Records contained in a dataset
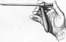 A reduced male cystoscope in holding positions.
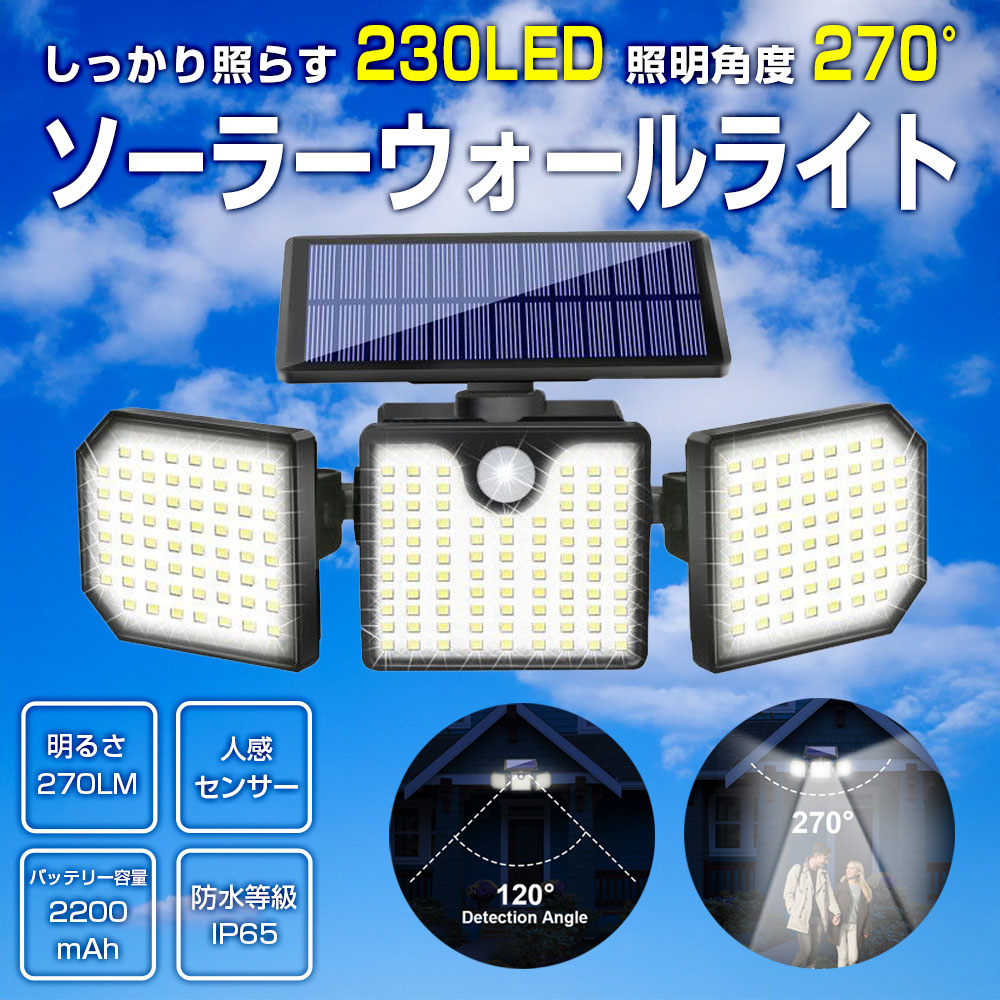 230LEDでしっかり照らす、ソーラーウォールライトです。
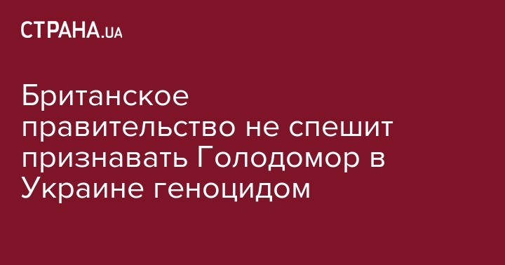 В Великобритании в Палате общин (нижняя палата парламента - Прим.Ред.) призывают признать Голодомор 1932-1933 годов в Украине геноцидом украинского народа, однако британское правительство в этом вопросе пока сохраняет сдержанную позицию. Об этом передает УНИАН.
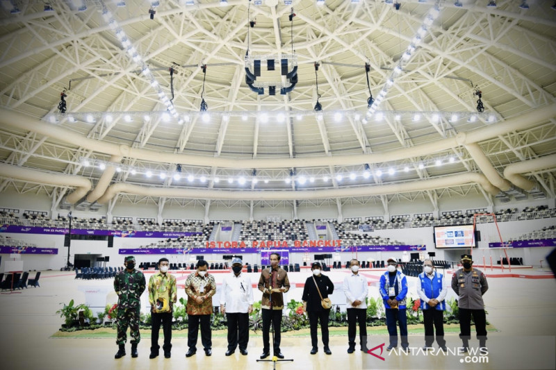 Jakarta – Panglima TNI Marsekal TNI Hadi Tjahjanto meminta seluruh prajurit yang membantu pengamanan Pekan Olahraga Nasional (PON) XX Papua agar bekerja secara maksimal dan penuh rasa tanggung jawab.Panglima TNI menyampaikan pesan itu kepada prajurit dan anggota Polri di sela tugas mendampingi Presiden RI Joko Widodo meresmikan tujuh arena pertandingan PON XX di Papua, Sabtu.
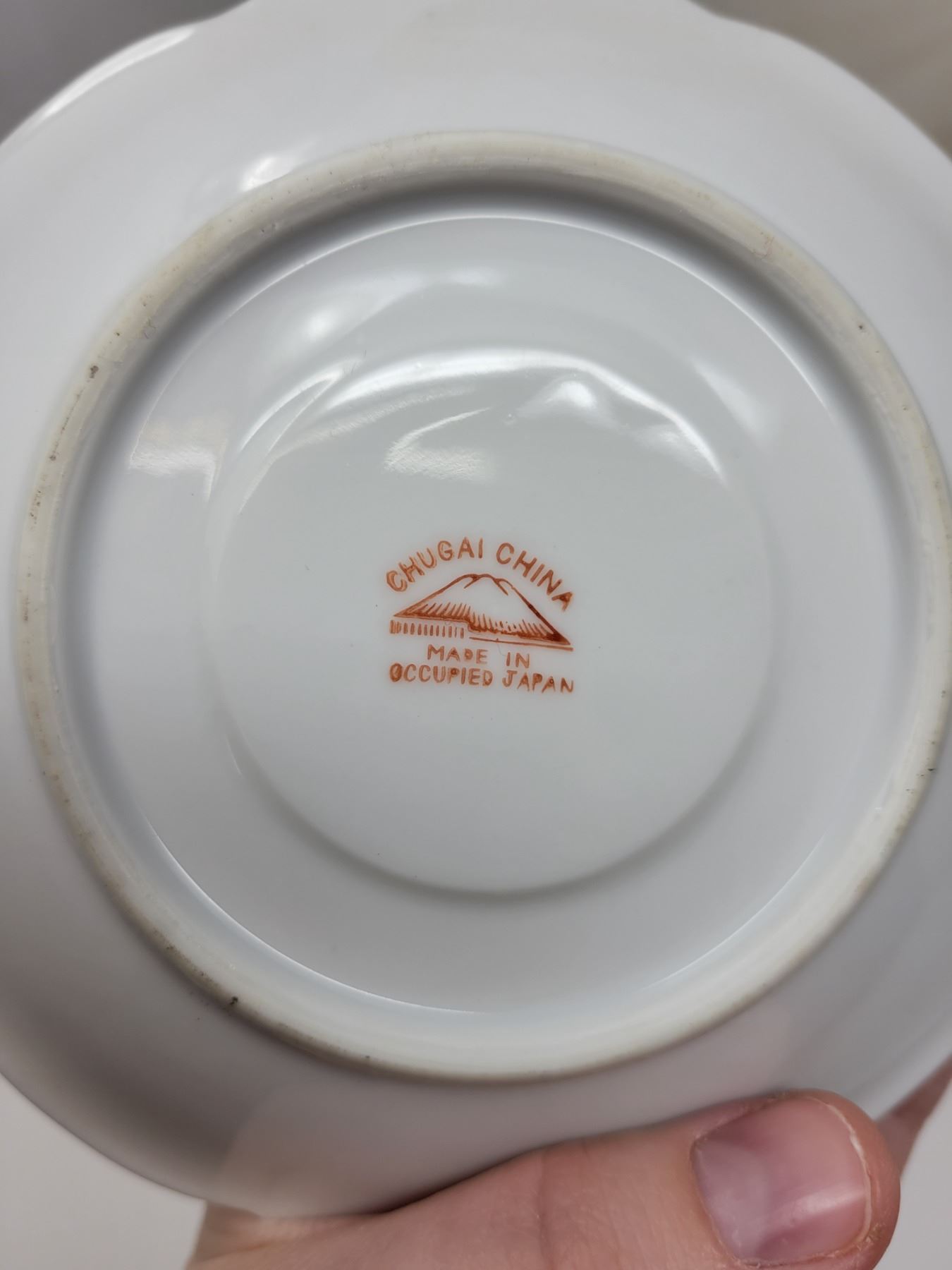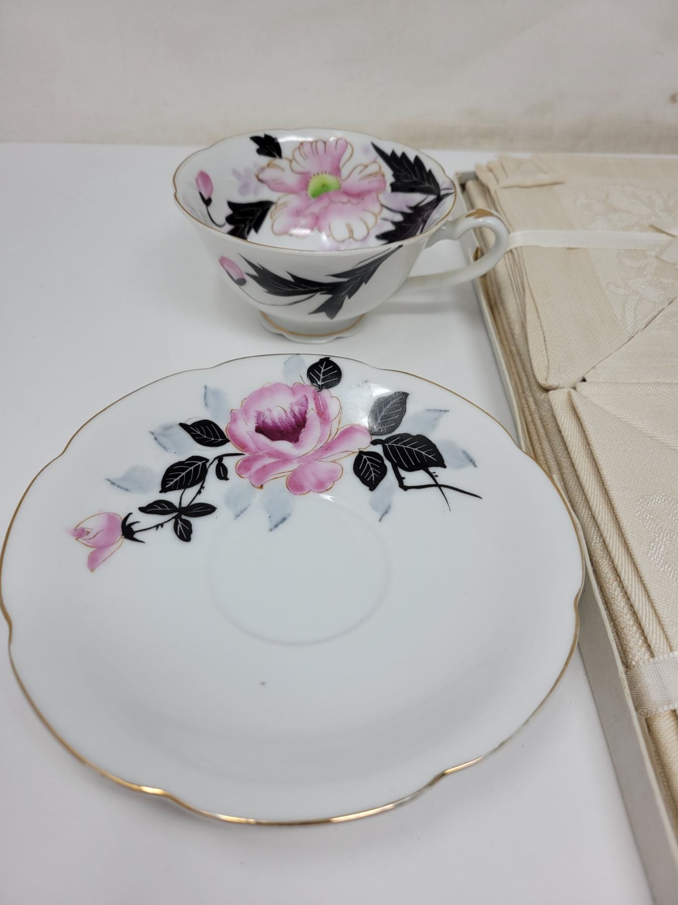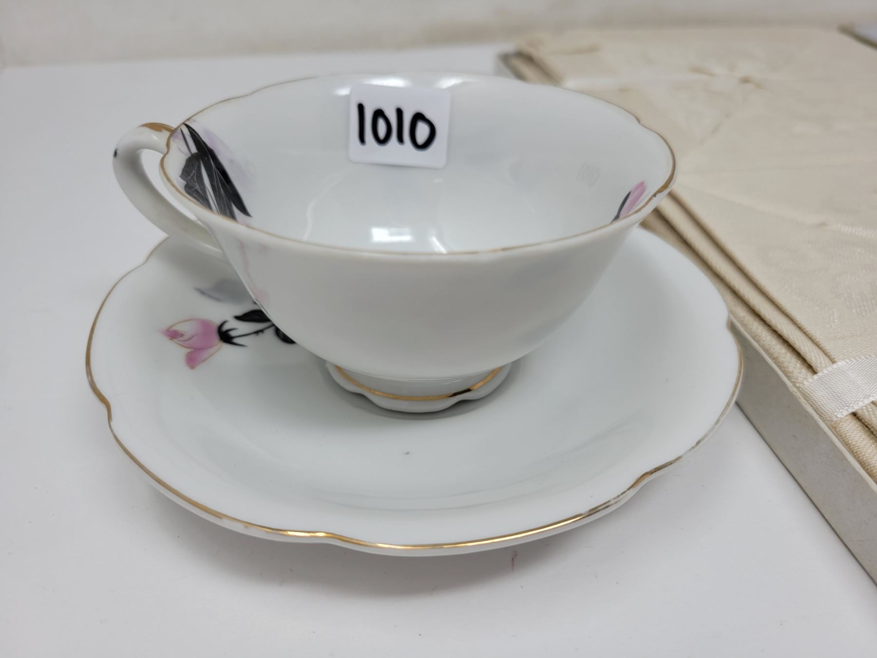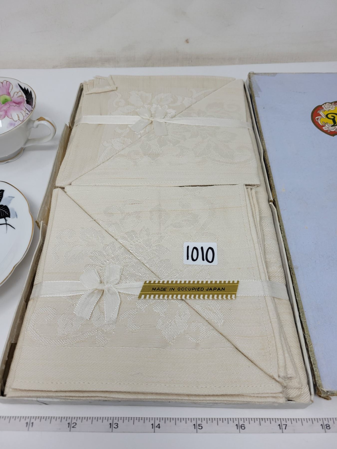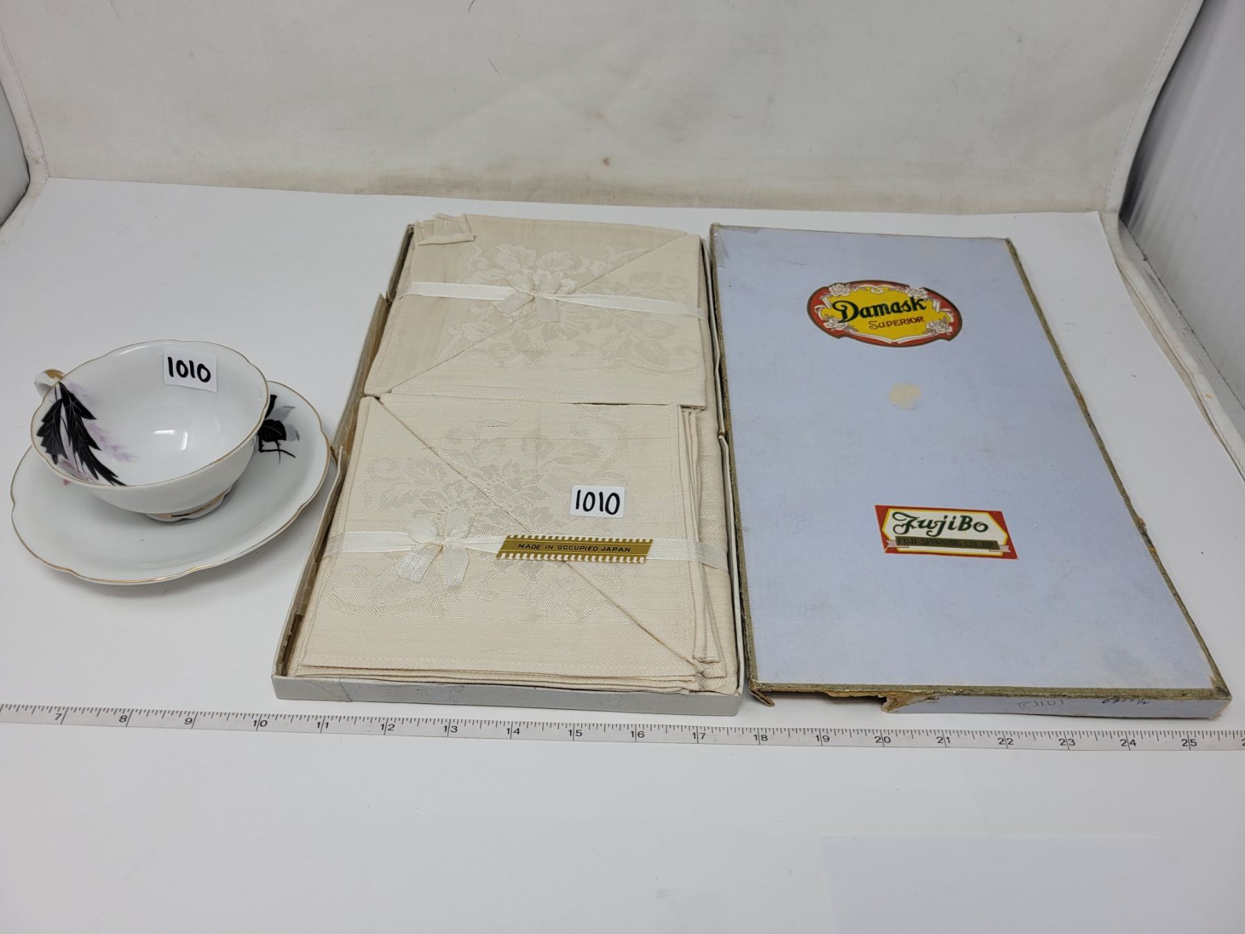 Occupied Japan cup & saucer, linen table cloth & napkins
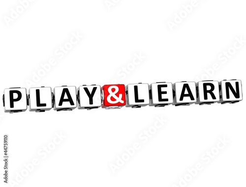 3D Play And Learn Button Click Here Block Text
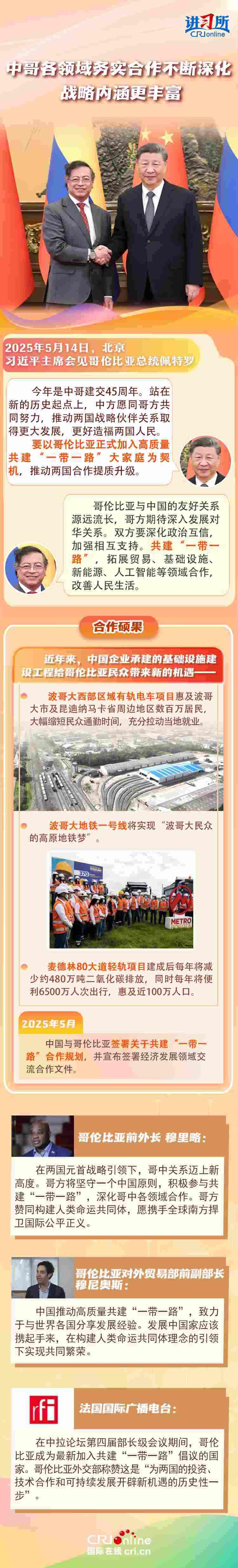 習(xí)近平主席在這三場雙邊外事活動(dòng)中,均提到了共建“一帶一路”倡議:“深化‘一帶一路’倡議同巴西發(fā)展戰(zhàn)略有效對接”“要以哥倫比亞正式加入高質(zhì)量共建‘一帶一路’大家庭為契機(jī),推動(dòng)兩國合作提質(zhì)升級”“雙方要落實(shí)好共建‘一帶一路’合作規(guī)劃”……10多年來,在習(xí)近平主席親自擘畫和推動(dòng)下,共建“一帶一路”從中國倡議走向國際實(shí)踐,取得了實(shí)打?qū)?、沉甸甸的成就?/p>
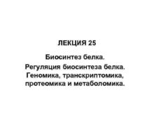 ЛЕКЦИЯ 25 Биосинтез белка Регуляция биосинтеза белка Геномика

_Work to complete_
Restate the data above word for word, omitting every picture.

_The completed task_
 A reduced male cystoscope in holding positions.
 230LEDでしっかり照らす、ソーラーウォールライトです。
 В Великобритании в Палате общин (нижняя палата парламента - Прим.Ред.) призывают признать Голодомор 1932-1933 годов в Украине геноцидом украинского народа, однако британское правительство в этом вопросе пока сохраняет сдержанную позицию. Об этом передает УНИАН.
 Jakarta – Panglima TNI Marsekal TNI Hadi Tjahjanto meminta seluruh prajurit yang membantu pengamanan Pekan Olahraga Nasional (PON) XX Papua agar bekerja secara maksimal dan penuh rasa tanggung jawab.Panglima TNI menyampaikan pesan itu kepada prajurit dan anggota Polri di sela tugas mendampingi Presiden RI Joko Widodo meresmikan tujuh arena pertandingan PON XX di Papua, Sabtu.
 Occupied Japan cup & saucer, linen table cloth & napkins
 3D Play And Learn Button Click Here Block Text
 習(xí)近平主席在這三場雙邊外事活動(dòng)中,均提到了共建“一帶一路”倡議:“深化‘一帶一路’倡議同巴西發(fā)展戰(zhàn)略有效對接”“要以哥倫比亞正式加入高質(zhì)量共建‘一帶一路’大家庭為契機(jī),推動(dòng)兩國合作提質(zhì)升級”“雙方要落實(shí)好共建‘一帶一路’合作規(guī)劃”……10多年來,在習(xí)近平主席親自擘畫和推動(dòng)下,共建“一帶一路”從中國倡議走向國際實(shí)踐,取得了實(shí)打?qū)?、沉甸甸的成就?/p>
 ЛЕКЦИЯ 25 Биосинтез белка Регуляция биосинтеза белка Геномика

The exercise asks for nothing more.